Arjun Mathur: The International Emmy-nominated actor’s life could have easily gone the way of the embittered struggler in Zoya Akhtar’s Luck by Chance (2009), a movie he gets a lot of praise for from youngsters who say it inspired them. But he decided one way to break through the wall of the Bollywood elite would be to play what other actors wouldn’t. He played a closeted gay man in Onir’s I Am (2011), and then more prominently and more successfully in Amazon Prime Video’s Made in Heaven (2019-). It is a model Ayushmann Khurrana has adopted as well, making the movie a message, whether it is about IVF, erectile dysfunction, baldness or transgenders. Quite early on, Mathur realised his audience is not restricted to India, and unlike a lot of more established male stars, he sees the international market as a way out for those who are treated badly by the big-budget Bollywood machine. “Indian mainstream is not the only world out there,” he says. He was in Channel 4’s Indian Summers and has a manager in Los Angeles who is waiting for him to become available so he can start pitching him. Ali Fazal is a great example of an actor who has been saved by streaming services as well as international casting agents. So, while he can be Guddu Bhaiya in Amazon Prime Video’s Mirzapur (2018-), he can also swagger alongside a brilliant global cast in Kenneth Branagh’s upcoming Death on the Nile. Mathur is playing a journalist in a new series for Lionsgate Play, directed by Akarsh Khurana, and is in the second season of The Gone Game.

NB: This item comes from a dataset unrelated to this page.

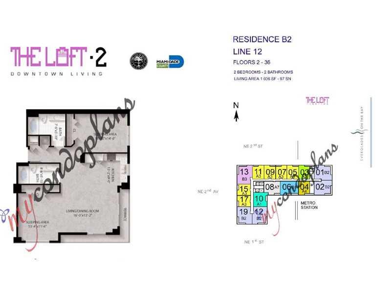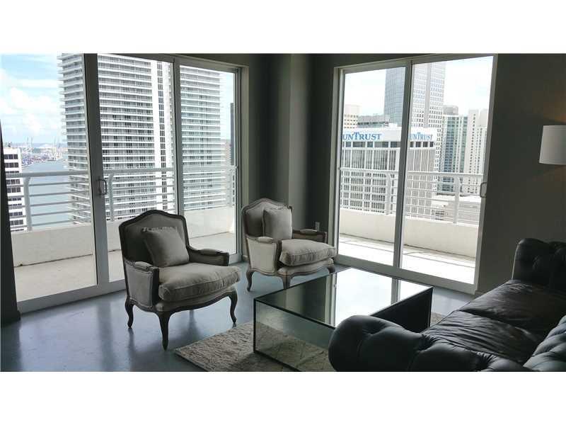 Trendy corner loft unit at the modern LOFT 2 building. This unit features fantastic 270 degree views of the city and Biscayne Bay; 10 ft. high ceilings; concrete floors; modern Italian kitchen w/stainless steel appliances; washer/dryer; hurricane window s; bathrooms with carrera marble counters; and 2nd bedroom is open to the living room. This building features a ground floor lap pool plus a pool & gym/sauna on the 36th Fl; 24hr security; secure parking. 2 minutes from the I-95 & close to South Beach.

Vijay Varma: One way it is possible for good actors to survive is to have an ecosystem that sustains them. Both Mathur and Varma have that in common. Mathur has found friends in Tiger Baby Films, which is led by Zoya Akhtar, a filmmaker deep in the inside in Bollywood but still able to look at it objectively and see its bizarre behaviour. It is evident not merely in the way she casts actors, giving breaks to Mathur and Varma, but also in the way she and partner Reema Kagti are able to mix the directorial talent. In the second season of Made in Heaven, for instance, the three directors from season one, Alankrita Shrivastava, Nitya Mehra and she have been repeated. The fourth is Neeraj Ghaywan who made the brilliant Masaan (2015) and ‘Geeli Pucchi’, the short in the Netflix anthology, Ajeeb Daastaans (2021). Varma finds solace in Excel Entertainment, which he calls a “bubble of likeminded people, creatively challenging, looking into the future, not the past.” Varma, a batchmate of Jaideep Ahlawat, Rajkummar Rao and Sunny Hinduja from the Film and Television Institute of India (FTII), is again an underrated actor finally getting his due. They all have each other’s backs—he says he didn’t need to make friends in the industry because of his deep bonding with some of his classmates. With stirring turns in Gully Boy (2019), She (2020), A Suitable Boy (2020) and OK Computer (2021), he now has Tiger Baby’s series Fallen, Alia Bhatt’s production Darlings, and Hurdang. Often, for actors such as Varma it is also a battle against family expectations. He had to run away from home to study at FTII. His Hyderabad-based father, a great lover of Bruce Lee movies, was never in favour of his son becoming an actor, and was only reconciled to it after he read a review of his performance in Rangrezz (2013) and saw a photo of his son with Amitabh Bachchan on the sets of Pink (2016) in a local newspaper. Varma, who has increasingly become Bollywood’s go-to guy for brooding evil, has also expanded his range, sinking his teeth into the satirical aspects of OK Computer, both for the pleasure of working with Anand Gandhi, one of the industry’s finest minds, as well as performing with lighter material.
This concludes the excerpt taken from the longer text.